Republicans in the Minnesota Senate passed the tax bill negotiated with the House and sent it to the governor without his approval. The vote was 34-33 along party lines. The bill would reduce income tax rates and better align the state tax code to recent federal changes.
But before the debate began, Dayton told reporters he plans to quickly veto the bill so that another version can be negotiated.
"I hope they'll agree to include my emergency school aid as part of that tax bill, and then we can negotiate the rest of it. They can pass something, and I'll sign it. But it depends on their willingness to compromise and meet me midway."
Dayton wants $138 million for school districts that are struggling financially. He suggested some of the money could come from the tax breaks Republicans want for businesses.
"It's just absurd that they want to protect these multinational companies who've earned their profits overseas from paying their appropriate Minnesota taxes when they repatriate them.
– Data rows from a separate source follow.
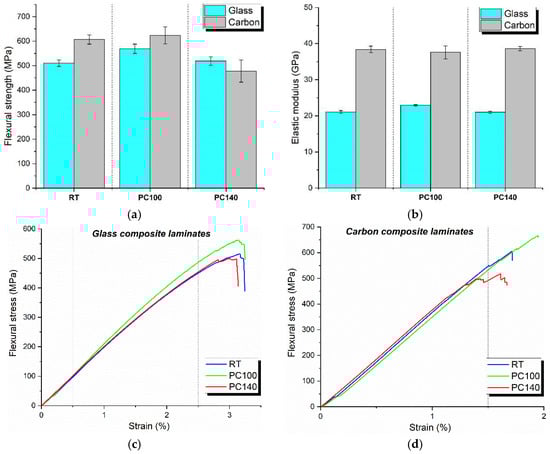 Figure 7 displays the effect of different post-curing regimes on the flexural behavior of carbon and glass composite laminates. As expected, the carbon laminates outperformed the glass-based ones. From Figure 7a, the carbon fiber-reinforced laminate showed higher flexural strength for RT and PC100 conditions (607 MPa and 624 MPa, respectively). The flexural strengths of glass fiber-reinforced composites were 510 MPa and 569 MPa for RT and PC100 post-curing, respectively. Therefore, compared to the neat matrix, the post-cure treatment at 100 °C on composites was effective in improving the mechanical properties. Although the insertion of the fiber layer reduces the macromolecular mobility and the proper matrix crosslinking degree, a well-balanced post-cure treatment would assist the increment in crosslink density and interfacial bonding with the fibers [31]. However, the post-cure treatment at 140 °C was excessive, leading to a reduction in flexural strength (–10% for glass laminate and −23% for carbon laminate over to the composites post-cured under PC100 condition). Too high post-curing temperatures would cause excessive resin shrinkage and the development of residual stresses at the fiber-matrix interface (debonding) [32]. PC140 treatment degraded carbon-based laminates more significantly than glass-reinforced ones. It is plausible that this effect is also associated with the different degrees of compaction experienced by the two types of fabrics under the same processing conditions used to produce the composites. The SEM investigation in the next section will clarify this aspect. As shown in Figure 7b and on the stress-strain plots displayed in Figure 7c,d, post-cure has a negligible effect on the laminate stiffness in their corresponding groups. This evidence agrees with the one reported in earlier works by Umarfarooq et al. [31].
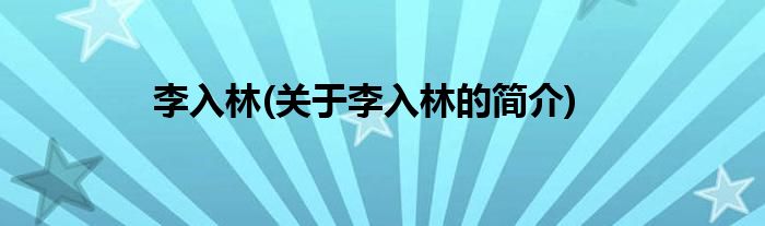 大家好,李入林,关于李入林的简介很多人还不知道,现在让我们一起来看看吧!
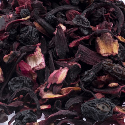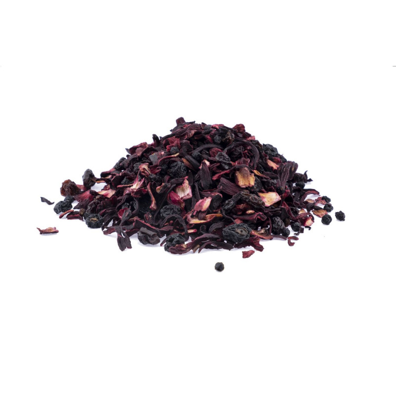 Hibiscos, bayas de sauco, bayas de grosella, arándanos, pasas.

During the Senate debate, Minority Leader Tom Bakk, DFL-Cook, accused Republicans of dismissing the governor's concerns as they crafted the bill.
"We can't get a bill into law without a governor's signature. And you don't get to be just dismissive of the governor's position. He's a coequal branch of government with us. We can't get things signed without him."
The Senate tax chair disagreed. Republican Roger Chamberlain of Lino Lakes said he tried unsuccessfully to negotiate elements of the bill with Dayton's revenue commissioner.
"They had their heels dug in a long time ago. I'm not quite sure that they even want a tax bill. They didn't want to discuss even small issues."
Republican Senate Majority Leader Paul Gazelka said he's ready to negotiate with the governor on an end-of-session agreement. But he wants to focus on shared priorities, including opioids, school security and elder abuse. Gazelka said the request for emergency school funding makes a deal "extremely difficult."
Republican House Speaker Kurt Daudt also raised concerns about the governor's funding demand. Daudt said it came too late in the session.
"Is it totally off the table? I don't know. That's up to the members, and we're going to have those conversations. But right now, it literally doesn't fit into the budget that we have and the resources we have."
Dayton dismissed Daudt's complaint about the timing of his request. He said Republicans are adding things "left and right" during the final days of the session.
"It's just ridiculous," Dayton said. "If [Daudt] wants to do it, we'll do it. If he doesn't want to do it, we won't. It's as simple as that."